If I draw an epsilon rectangle over the whole $f$, I don't see why this isn't uniform convergence
EDIT: I got this from Spivak, so keep it at that level please...
Added question: if $f_n\nrightarrow f$ for some $x \in \mathbb{R}$, can I conclude that it is not uniformly convergent over $\mathbb{R}$?
 A: I like @hardmath's approach in the comments above. But here is an approach using the definition of uniform convergence.
Assume $\{f_n\}$ converges uniformly to $f$. Pick $\varepsilon < 1/2$. We can find an $N$ for which $\forall x \in [0, 1] : |f_N(x) - f(x)| < \varepsilon$. Clearly, $f_N(1) = 1$ and $f_N(0) = 0$. Since $f_N$ is continuous, we can find $x \in (0, 1)$ for which $f_N(x) = 1/2$ (by the intermediate value theorem). This means that $|f_N(x) - 1| = 1/2 > \varepsilon$. This is a contradiction and $\{f_n\}$ doesn't converge uniformly to $f$.

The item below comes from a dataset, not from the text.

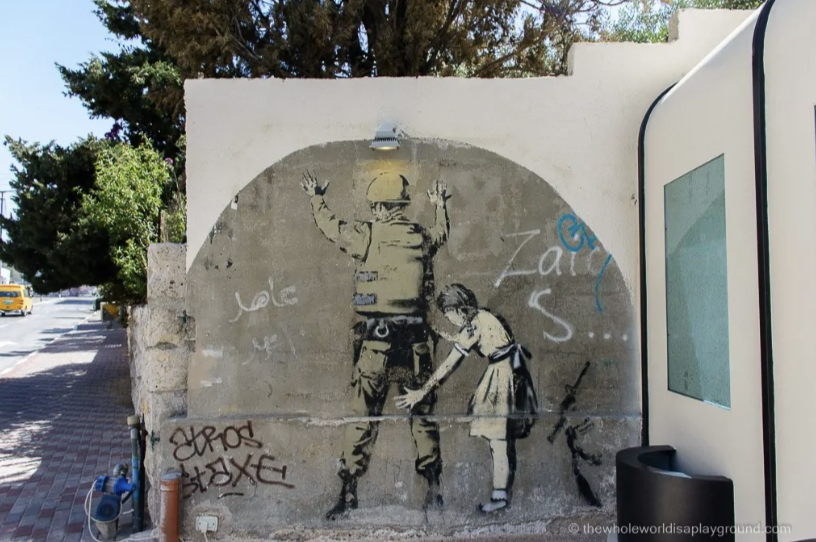 Wie nutzt Banksy Stilmittel wie Schablonenkunst (Stencil Art) und Schwarz-Weiß-Kontraste, um die Botschaft zu verstärken?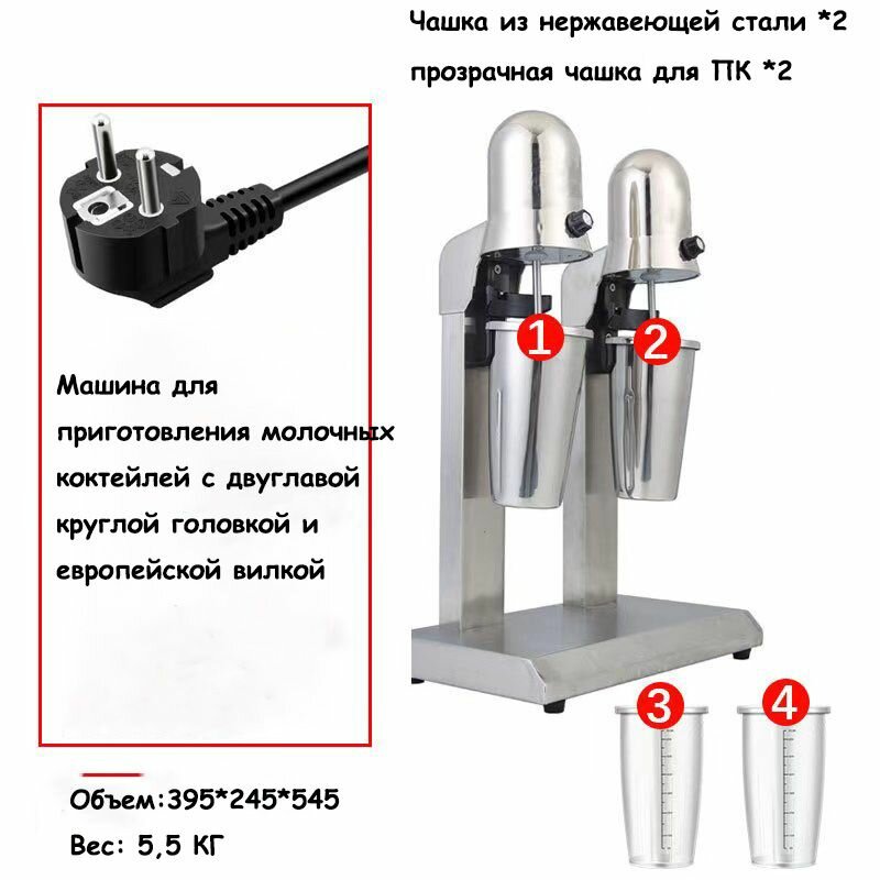 Купить Миксер для молочных коктейлей, Нержавеющая сталь, Двойная чашка, 180 Вт,800 мл, регулировка скорости на 2 передачи с доставкой по всей России.

Here is a plot of $f_{10}(x) = \sqrt[10]{x}$:

Since $f_n$ is continuous, there will always be values of $x > 0$ for which $f_n(x)$ is too far away from $1$. Uniform convergence requires that after a certain $N$, $f_n(x)$ must be within a small distance $\varepsilon$ from $f(x)$ for all $x$ . This fails for the sequence we have.
A: We will first prove two results.

Theorem 1 Let $ (f_{n})_{n \in \mathbb{N}} $ be a sequence of continuous functions on $ [0,1] $ that converges uniformly to some function $ f $ on $ [0,1] $. Then $ f $ must be continuous on $ [0,1] $.

Proof: Let $ \epsilon > 0 $. Then there exists an $ N \in \mathbb{N} $ such that for all integers $ n \geq N $, we have
$$
\forall x \in [0,1]: \quad |{f_{n}}(x) - f(x)| < \frac{\epsilon}{3}.
$$
To prove that $ f $ is continuous, pick an arbitrary $ x_{0} \in [0,1] $. As $ f_{N} $ is continuous by assumption, there exists a $ \delta > 0 $ such that $ |{f_{N}}(x_{0}) - {f_{N}}(x)| < \dfrac{\epsilon}{3} $ for all $ x \in (x_{0} - \delta,x_{0} + \delta) \cap [0,1] $. Hence, by the Triangle Inequality, we see that for all $ x \in (x_{0} - \delta,x_{0} + \delta) \cap [0,1] $, the following relations hold:
\begin{align}
      |f(x_{0}) - f(x)|
&=    |[f(x_{0}) - {f_{N}}(x_{0})] + [{f_{N}}(x_{0}) - {f_{N}}(x)] + [{f_{N}}(x) - f(x)]| \\
&\leq |f(x_{0}) - {f_{N}}(x_{0})| + |{f_{N}}(x_{0}) - {f_{N}}(x)| + |{f_{N}}(x) - f(x)| \\
&<    \frac{\epsilon}{3} + \frac{\epsilon}{3} + \frac{\epsilon}{3} \\
&=    \epsilon.
\end{align}
As $ x_{0} $ and $ \epsilon $ are arbitrary, we conclude that $ f $ is indeed continuous on $ [0,1] $. $ \quad \spadesuit $

Theorem 2 Let $ (f_{n})_{n \in \mathbb{N}} $ be a sequence of (not-necessarily-continuous) functions on $ [0,1] $ that converges uniformly to some function $ f $ on $ [0,1] $. Then $ (f_{n})_{n \in \mathbb{N}} $ converges pointwise to $ f $.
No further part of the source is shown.